BRAKKKK !!
aku membanting pintu kamar mandiku dengan hanya memakai handuk putih yang melingkari pinggangku untuk menutup daerah pribadi. Emosi masih membuncah di dalam diriku. Aku meliahat wanita itu. Mmh.. siapa tadi namanya? Sisi ? Yeah mungkin aku akan memanggilnya sisi saja. Dia menatapku horor Diatas ranjangku. Seperti habis melihat hantu.
"Apa?" Aku bertanya dengan wajah dingin padanya.
"Emh .. Itu.. kau.. tanganmu" dia menunjuk tanganku yang masih berlumuran darah.
"Bukan apa2 jangan peduli padaku" aku berjalan menuju lemariku tapi lenganku dicekal oleh sisi. Dia menariku untuk duduk di atas tempat duduk. Sedangkan dia berlari ke luar kamar dan tak lama masuk dengan membawa kotak P3K. Dia duduk di sampingku dan menggapai tanganku lembut.
"Bukan aku peduli padamu. Tapi ini sebagai ucapan terima kasih karena kau sudah menolongku" dia berkata tanpa memandangku. Nampaknya dia sedang serius mengobati lukaku. Tak terasa sakit sama sekali.

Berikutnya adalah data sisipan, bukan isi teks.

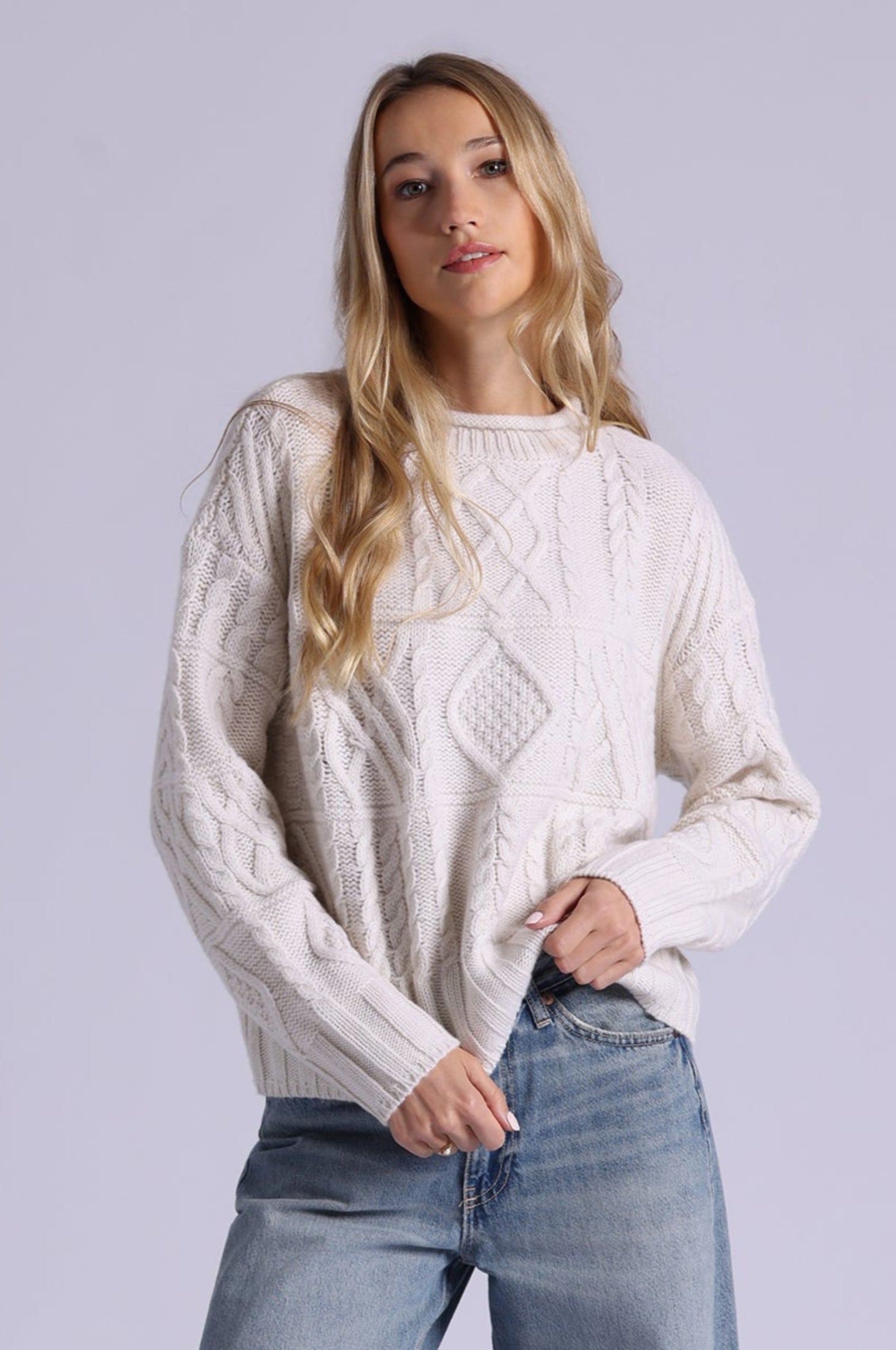 Your new go-to for maximum comfort with major personality. Intricate cablework brings rich texture and dimension, while the modern boxy fit adds an effortless edge. Spun from 100% Pure Air Cashmere, it’s cloud-soft, cozy, and endlessly wearable—the kind of sweater you’ll reach for all season long.

"Jangan sampai terluka lagi" dia berkata dengan wajah tenangnya Setelah dia selesai memasang perbanku.
"Aku tak perlu nasehatmu"
"Well aku hanya memberi saran. Itu terserah padamu" oh ya tuhan wajahnya itu. Begitu polos tapi tetap tak bisa menyembunyikan wajah hawatirnya itu. Karena tak tahan melihat wajahnya yang menggemaskan itu dengan reflek Aku mendorongnya yang masih terduduk di ranjang sampai aku berada di atasnya dan sedikit menindihnya.
"Dengar S.I.S.I aku tak butuh semua saran mu. Singkirkan rasa hawatirmu dari wajah sok inocent mu itu dan cepat tinggalkan tempat tinggalku. Aku tak ingin saat selesai memakai baju nanti kau masih ada di rumahku" aku menekan semua perkataanku padanya. aku berdiri dari posisiku saat selesai mengatakan semua yang aku katakan padanya. Sekilas aku dapat melihat pandangan kecewanya padaku. Tapi siapa peduli. Aku hanya ingin dia menjauh dariku.
Sisi Pov
"Cihh.. sombong sekali dia. Dasar tak tau terima kasih. Minimal kan dia bisa mengucapkan terimakasih. Dan apa katanya? Dia mengusirku ? Baik aku akan keluar dari rumah ini sesegera mungkin!!" Aku keluar dari kamar...siapa dia ? Bahkan aku tak tau siapa namanya. Aku menekan setiap langkahku mengekspresikan rasa kesalku.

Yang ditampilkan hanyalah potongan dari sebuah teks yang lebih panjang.